Investors need to be warned that passive funds tracking specialised indices only work in certain markets and do not guarantee outperformance, a research paper has claimed.
Some passive funds track an index that has been constructed based on a certain factor. This criterion can range from a focus on companies that pay dividends to a decision to hold an equal weighting of each stock within an index.
Funds that follow such specialised indices have become known as ‘smart beta’ vehicles.
ERI Scientific Beta, which provides smart beta products, has said those smart beta funds that track equally-weighted indices may not always outperform, in spite of claims by proponents that they are all-weather investments.
An ‘equally-weighted’ approach is designed to overcome the supposedly inherent problems within a conventional market capitalisation-weighted index, which sees larger companies dominate the index. Such indices have been criticised for placing too much emphasis on overvalued stocks while giving too little prominence to undervalued companies.
The solution, according to smart beta enthusiasts, is a product that assigns the same weighting to each stock within an index – for example, a FTSE 100 tracker that has 1 per cent of its assets invested in each stock within the index.
This equally-weighted approach is designed to give more exposure to the lower end of the index, the part that is perceived to create more ‘value’.
Smart beta products that label themselves as having a ‘value’ strategy can take a variety of approaches but the most basic is being equally-weighted.
But ERI Scientific Beta, which is the index arm of the EDHEC-Risk Institute, has claimed there is no evidence such funds can consistently outperform.
In a study entitled ‘Robustness of Smart Beta Strategies’, ERI Scientific Beta put forward the case for a diversified portfolio of smart beta factors.
The study said there was “no positive and statistically significant long-term risk premium for a ‘value’ factor definition that relies on the approach termed ‘fundamental’, even though this approach is highly popular with investors and index providers”.
The ERI Scientific Beta study claimed many such approaches could only be described as “relatively robust”, in that they only outperform if market conditions at the time favour such a strategy rather than outperform throughout a market cycle.

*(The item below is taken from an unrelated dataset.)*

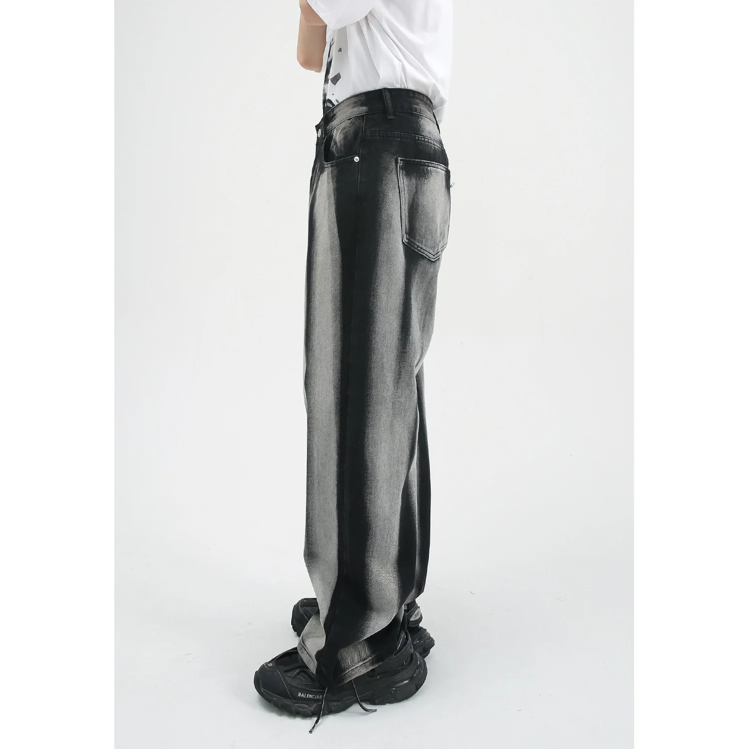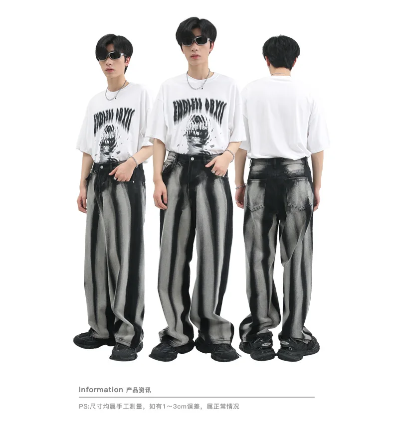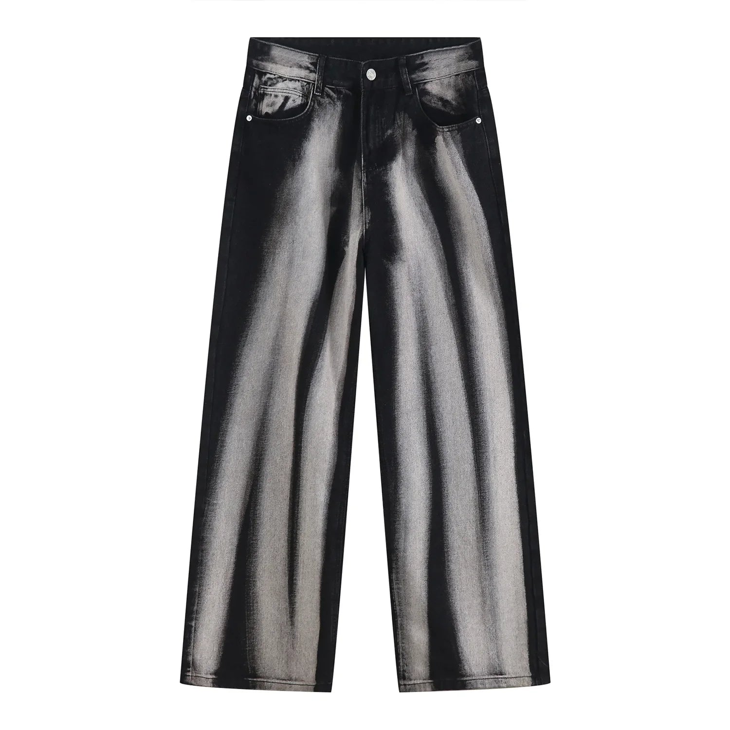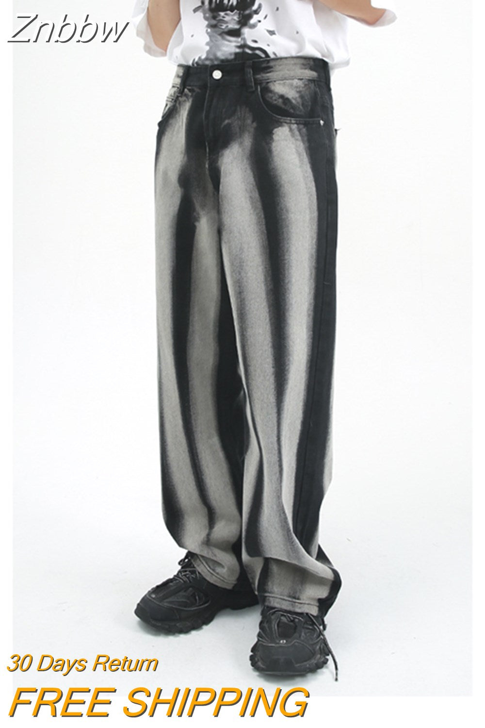 Znbbw Men's Baggy Wide Leg Jeans Unisex Vintage Washed Blue Denim Trousers High Waist Loose Straight Male Pants Harajuku Streetwear

The study warned: “The existence of so many smart beta strategies, coupled with so little information on justifications of their performances, could cast doubts over the very usefulness of these strategies.”

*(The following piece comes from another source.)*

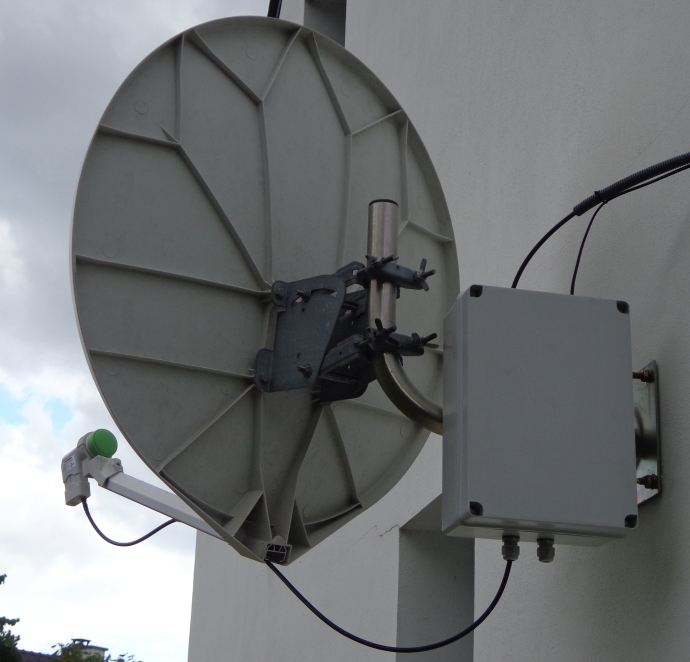 Mon installation est composée d'une parabole Visiosat fibre de 85 cm (occasion Lbc 30 €), d'un Lnb PLL twin Octagon OTLG Green HQ (15 €) de deux filtres pass-bas Goobay 67510 (8 € pièce) et d'un convertisseur dédié Amsat DL (178 €). J'ai ajouté un Minitiouner-S, semi-kit distibué par le REF (94 €) pour la réception de la DATV sur le transpondeur large bande.

It cited a survey that the EDHEC-Risk Institute had undertaken that found the primary reason respondents chose not to invest in smart beta products was that they were unsure about the “robustness” of the claimed outperformance of the various strategies.
The study instead advocated an approach that would attempt to generate “absolute robustness”, which would be a “strategy shown to outperform, irrespective of prevailing market conditions”.